▶ **Data for processing**:
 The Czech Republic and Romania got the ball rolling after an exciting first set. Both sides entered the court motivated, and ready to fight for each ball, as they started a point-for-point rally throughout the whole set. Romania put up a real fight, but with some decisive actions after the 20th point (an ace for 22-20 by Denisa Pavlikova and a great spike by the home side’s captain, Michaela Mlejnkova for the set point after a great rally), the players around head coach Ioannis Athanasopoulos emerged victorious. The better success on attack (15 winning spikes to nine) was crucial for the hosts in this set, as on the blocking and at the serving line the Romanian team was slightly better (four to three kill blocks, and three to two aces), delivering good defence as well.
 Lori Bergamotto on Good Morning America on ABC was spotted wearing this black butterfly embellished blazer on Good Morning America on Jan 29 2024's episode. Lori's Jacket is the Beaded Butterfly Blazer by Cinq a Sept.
...
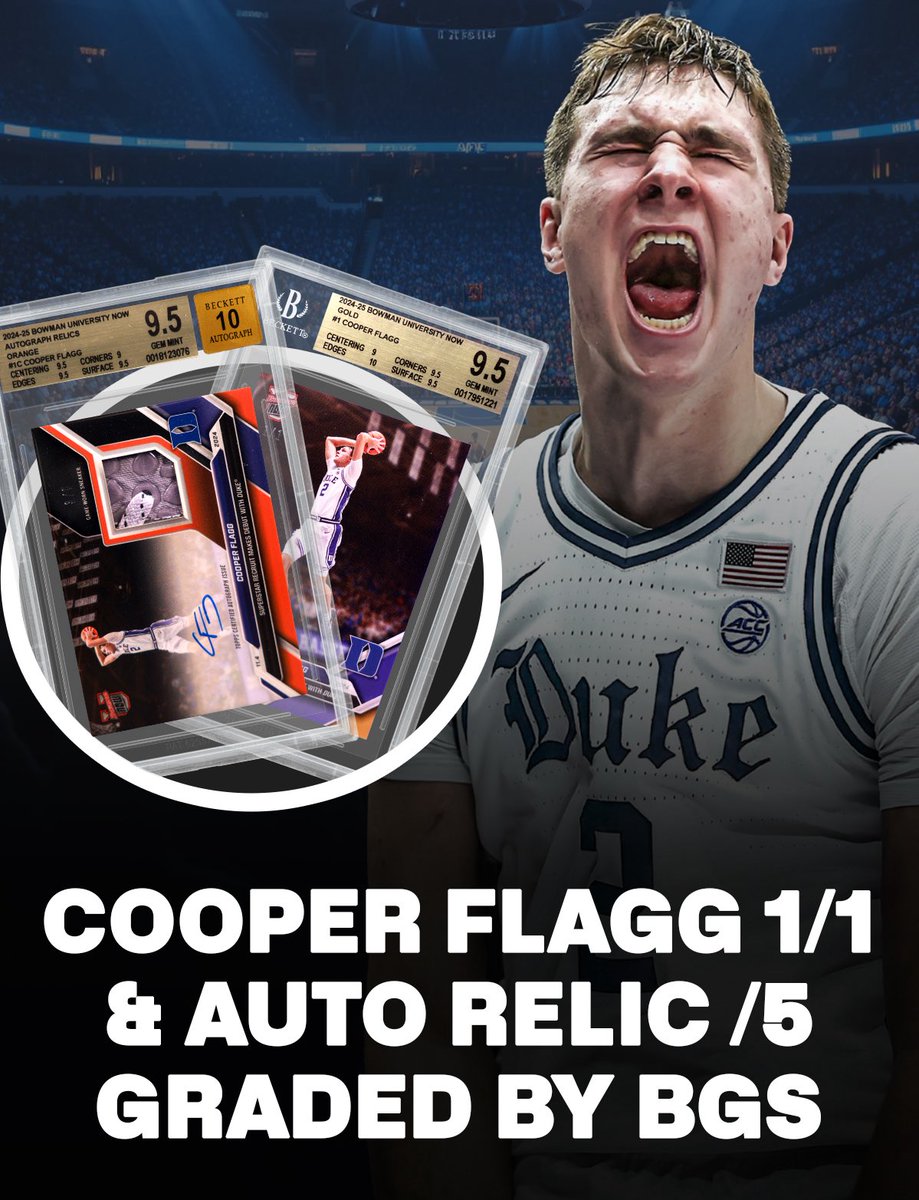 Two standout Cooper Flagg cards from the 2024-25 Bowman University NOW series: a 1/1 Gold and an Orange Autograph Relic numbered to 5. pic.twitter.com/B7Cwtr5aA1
---
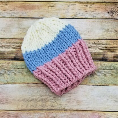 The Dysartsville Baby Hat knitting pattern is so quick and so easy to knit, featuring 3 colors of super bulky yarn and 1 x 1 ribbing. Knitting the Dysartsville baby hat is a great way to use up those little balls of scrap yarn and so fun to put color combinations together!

▶ **Task requirements**: Your task is to copy each line of the data above that holds "this".

▶ **Answer space**:
 The Czech Republic and Romania got the ball rolling after an exciting first set. Both sides entered the court motivated, and ready to fight for each ball, as they started a point-for-point rally throughout the whole set. Romania put up a real fight, but with some decisive actions after the 20th point (an ace for 22-20 by Denisa Pavlikova and a great spike by the home side’s captain, Michaela Mlejnkova for the set point after a great rally), the players around head coach Ioannis Athanasopoulos emerged victorious. The better success on attack (15 winning spikes to nine) was crucial for the hosts in this set, as on the blocking and at the serving line the Romanian team was slightly better (four to three kill blocks, and three to two aces), delivering good defence as well.
 Lori Bergamotto on Good Morning America on ABC was spotted wearing this black butterfly embellished blazer on Good Morning America on Jan 29 2024's episode. Lori's Jacket is the Beaded Butterfly Blazer by Cinq a Sept.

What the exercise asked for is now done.